The F and HN ORFs of NDV strain rSG10 were inserted in combination into a full-length antigenomic cDNA of strain rLaSota in place of the original NDV F and HN ORFs using the presence of unique restriction enzyme sites and the Seamless Assembly Cloning Kit (Invitrogen). First, the full-length antigenome of rLaSota was digested with KpnI and HindIII to generate a single DNA fragment without the F and HN genes. Second, the F and HN ORFs of rSG10 were engineered by PCR amplification as two DNA fragments each flanked by 5′ and 3′ UTRs of the respective rLaSota F or HN genes. To maintain the genome length as a multiple of six nucleotides, three extra nucleotides were introduced at the 3′UTR of the HN gene as necessary. The other three DNA fragments with homologous ends, one extending from the KpnI site to the F initiation codon, one from the F termination codon to the HN initiation codon and the other from the HN termination codon to the HindIII site, were generated by PCR amplification with compatible primers. Finally, these six DNA fragments with overlapping homologous ends of various lengths were effectively joined together using the Cloning Kit. The complete F and HN ORFs of NDV strain LaSota were inserted in combination into the SG10 backbone in place of the corresponding SG10 sequence using the same strategy. The full-length rLaSota cDNA plasmid containing the rSG10 F and HN genes was designated rLaSGFHN, whereas the full-length cDNA plasmid of rSG10 containing the rLaSota F and HN genes was designated rSGLaFHN.

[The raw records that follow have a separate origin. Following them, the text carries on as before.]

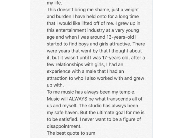 "Trước hết, tôi muốn nói rằng tôi yêu tất cả mọi người. Có một vài điều tôi nghĩ mình cần phải nói vì tôi cảm thấy nó quan trọng, tôi đã che giấu con người thật sự của mình hơn nửa cuộc đời rồi. Điều này không làm tôi xấu hổ gì cả, chỉ là tôi cảm thấy nó như một gánh nặng mà tôi đã phải vác trong một thời gian rất lâu, và bây giờ thì tôi muốn trút bỏ gánh nặng đó. Tôi lớn lên trong ngành công nghiệp giải trí từ khi còn rất trẻ, từ năm 13 tuổi tôi đã cảm thấy mình thích nam - nữ như nhau. Đã có những năm tôi nghĩ về điều đó, nhưng phải đến năm 17 tuổi sau khi tôi đã có một vài mối quan hệ với các bạn nữ, thì tôi mới có một khoảnh khắc với một người nam mà tôi đã làm việc và lớn lên cùng.
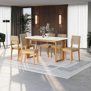 Para quem busca por modernidade e estilo, o Conjunto CSJ331CA da Linha Sala de Jantar Premium Kappesberg vai conquistar o seu espaço. Com design moderno, a base é robusta e resistente, produzida em madeira de eucalipto, garante maior durabilidade, além de uma beleza única. Com formato retangular, o destaque fica para o detalhe das cordas nas laterais, proporcionando um acabamento leve e moderno. Medindo 76,5cm de altura, 134,5cm de largura e 59cm de profundidade, ela é perfeita para todos os ambientes, e quando combinada ao tampo, acomoda até seis pessoas. Em MDF de 30mm, o tampo é na cor off white, com destaque para o vidro na mesma cor, garantindo um acabamento único e moderno à composição, além de elegância ao espaço. Medindo 160cm x 90cm, suporta até 90kg e conta com bordas arredondadas. Já as cadeiras que compõem o conjunto, no modelo Dora, também em madeira de eucalipto, contam com assento e encosto desmontados, suportando até 120kg e combina com todos os momentos. Medindo 89cm de altura, sendo 47,5cm a altura do assento, 44cm de largura e 53cm de profundidade, para mais comodidade, ela possui assento e encosto estofados e recobertos com tecido boucle bege, garantindo um toque suave e gostoso, proporcionando conforto em todos os momentos. O destaque fica para a estrutura atrás do encosto, que além de um acabamento lindo, facilita o manuseio, garantindo um acabamento único e deixando sua sala de jantar espaço ainda mais completa. Renove e transforme seu espaço com o Conjunto de Mesa da Sala de Jantar Premium Kappesberg. Medidas: - 83 cm de altura - 160 cm de largura - 90 cm de profundidade Itens inclusos: - Uma (1) mesa em Madeira Maciça - Seis (6) Cadeiras em Madeira Maciça - Estrutura em MDF Código do produto: CSJ331CA-A058 Informações importantes: - As imagens são ilustrativas. - A Kappesberg não disponibiliza serviço de montagem (recomendamos a contratação de um profissional qualificado). - O manual de montagem acompanha o produto. - 3 meses de garantia para defeitos de fabricação. Cor: Boucle Bege | Garantia: 3 meses para defeito de fabricação | Matéria-prima: MDF | Peso máximo suportado: 90 Kg | Quantidade de cadeiras: 6 | Montagem: Necessita montagem | Quantidade de caixas de embalagem: 3 | Inclui manual de montagem: Sim | Duração da garantia: 3 meses | Requer montagem: Sim | Tipo de garantia: Garantia do fabricante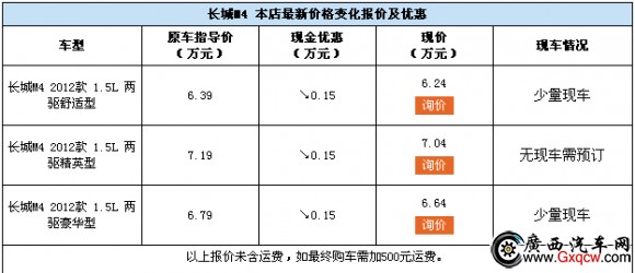 為了回饋廣大車友對廣西長道的一直以來支持,為了使消費(fèi)者提前享受意想不到的實惠,讓想要購車的市民朋友能夠提前享受到車展上的優(yōu)惠.廣西長道隆重推出“車展政策提前享”活動,特供少量現(xiàn)車,長城M4現(xiàn)金直降1500元。更有驚喜豪禮。銷售熱線:0771-2330301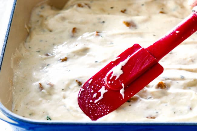 - Homemade Cream of Chicken Soup:ย My homemade cream of chicken soup is epic.ย It starts with a roux then you whisk in chicken broth, and milk whisked with cornstarch to create a wonderfully thick sauce.ย You want the sauce to seem a little on the thick side because it will thin out some in the oven.ย To this luscious sauce, we stir in chicken bouillon, Dijon, Worcestershire sauce onion powder, garlic powder, dried parsley, ground cumin, and pepper.ย It is velvety, seasoned bliss.
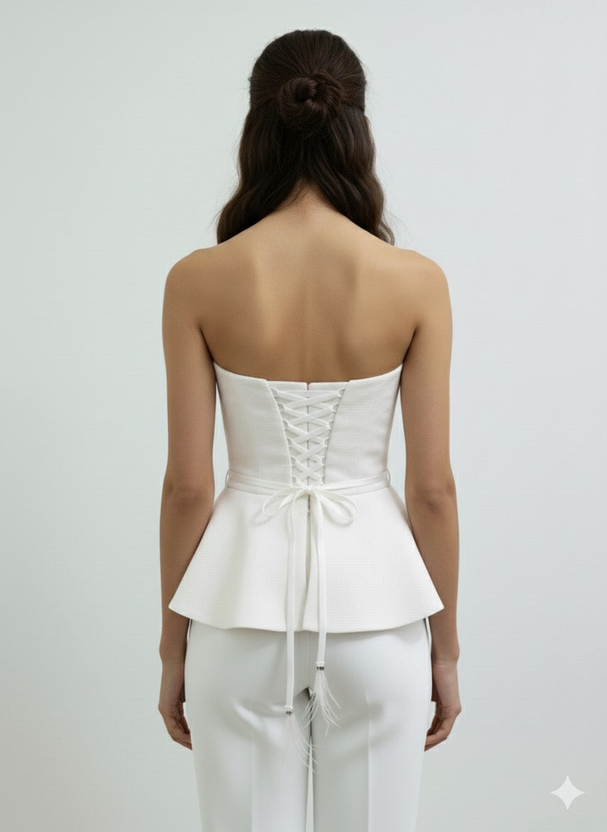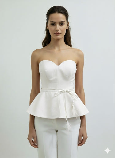 This strapless white bustier top features a sculpted sweetheart neckline and a flattering peplum hem. The waist is cinched with a tie belt finished with tassel details, adding elegance and definition. A versatile piece that pairs beautifully with tailored trousers or skirts for both daytime chic and evening sophistication.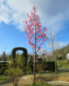 陽光桜「名の通り、庭を明るくする花が素敵。 苗木から育てて約12年、剪定し続けて木姿を作ってきた。ようやく花見できる木になってきたなぁ。立ち姿が美しいじゃないですか! 縦に伸びるスマートな木姿が良く、庭向き。 物語のあるサクラなんですよ。興味ある方はお調べ下さい。」2025.4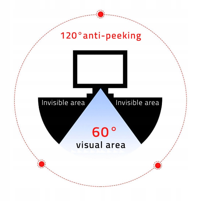 Инновационная технология для вашей конфиденциальностиТехнология микрожалюзи отвечает за узкий угол обзора. Приватизационный фильтр Qoltec скрывает секрет современных технологий, обеспечивающих надежную защиту. Используя усовершенствованные микрорешетки, этот фильтр обеспечивает обзор экрана под углом 60 градусов спереди, предотвращая при этом просмотр нежелательными людьми сбоку. Даже под небольшим углом обзора изображение становится нечитаемым, а при угле обзора 30 градусов экран полностью затемняется, обеспечивая защиту вашей конфиденциальности в любой ситуации.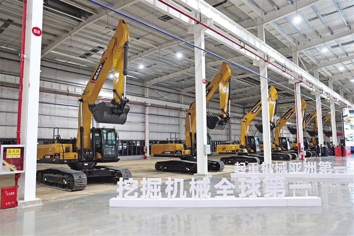 11月18日,三一西安产业园内整齐摆放着的挖掘机产品。 记者 张辰摄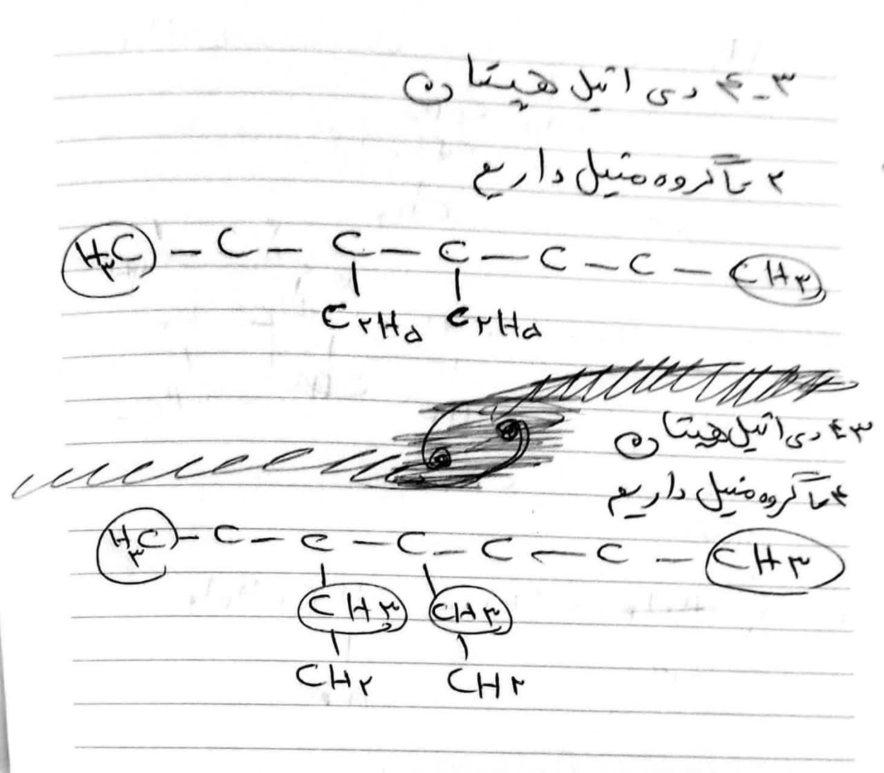 سلام خسته نباشید یه برداشتی از این تست داشتم اگه میشه بگید درسته یا نه زمانی که هپتانی که گفته رو رسم میکنیم اول(همون هفت کربن رو که میکشیم) ساختار رو که نگاه کنیم میبینیم که فقط کربن های سر و ته این ساختار قابلیت داشتن سه تا هیدروزن رو دارن اونا رو مشخص میکنیم بعد میریم سراغ 3و4 دی اتیل (و اگه بجز این دو در قسمت های دیگه از ساختار میتونستیم متیل ببینیم اول اونا رو هم مشخص میکردیم)

The NP, P, and L ORFs were reciprocally exchanged between the LaSota and SG10 antigenome cDNAs using the relevant restriction enzyme sites noted above and the Seamless Assembly Cloning Kit (Invitrogen). Seven chimeras based on a full-length antigenomic cDNA of rLaSota was constructed in the same strategy: rLaSGNP, rLaSGP, rLaSGL, rLaSGNPP, rLaSGNPL, rLaSGPL, and rLaSGNPPL, as well as a parallel set of seven constructs based on a full-length antigenomic cDNA of rSG10: rSGLaNP, rSGLaP, rSGLaL, rSGLaNPP, rSGLaNPL, rSGLaPL, and rSGLaNPPL. All the exchanged regions in the full-length cDNAs were sequenced by dideoxynucleotide sequencing to confirm the presence of the desired genes.

The recombinant parental and chimeric viruses were recovered by co-transfection of each NDV chimeric full-length cDNA plasmid, along with helper plasmids expressing the NP, P, and L proteins, into BSR T7/5 cells, as previously described Liu et al. (2015). The respective helper plasmids of either LaSota or SG10 were used along with their respective full-length cDNAs to prevent potential heterologous recombination in the transfected cells. Four days after transfection, the cell culture supernatants and cell monolayers were harvested and used to recover the chimeric NDVs by injection into the allantoic cavities of 9-day-old SPF embryonated chicken eggs. Recovery of the virus was confirmed by hemagglutination (HA) assay using 1% chicken red blood cells (RBCs). Total RNA was extracted from NDV-positive allantoic fluid with TRIzol reagent (Invitrogen) according to the manufacturer’s instructions. The rLaSota parents were completely sequenced, while only the exchanged genes and flanking sequences of the chimeric derivatives were sequenced. No adventitious mutations were detected. Cells transfected with rLaSota chimeric cDNAs were maintained in medium supplemented with 5 μg/ml N-tosylphenylalanine chloromethyl ketone (TPCK)-treated trypsin (Sigma-Aldrich, St. Louis, MO, USA) as a source of exogenous protease (Madansky and Bratt, 1981).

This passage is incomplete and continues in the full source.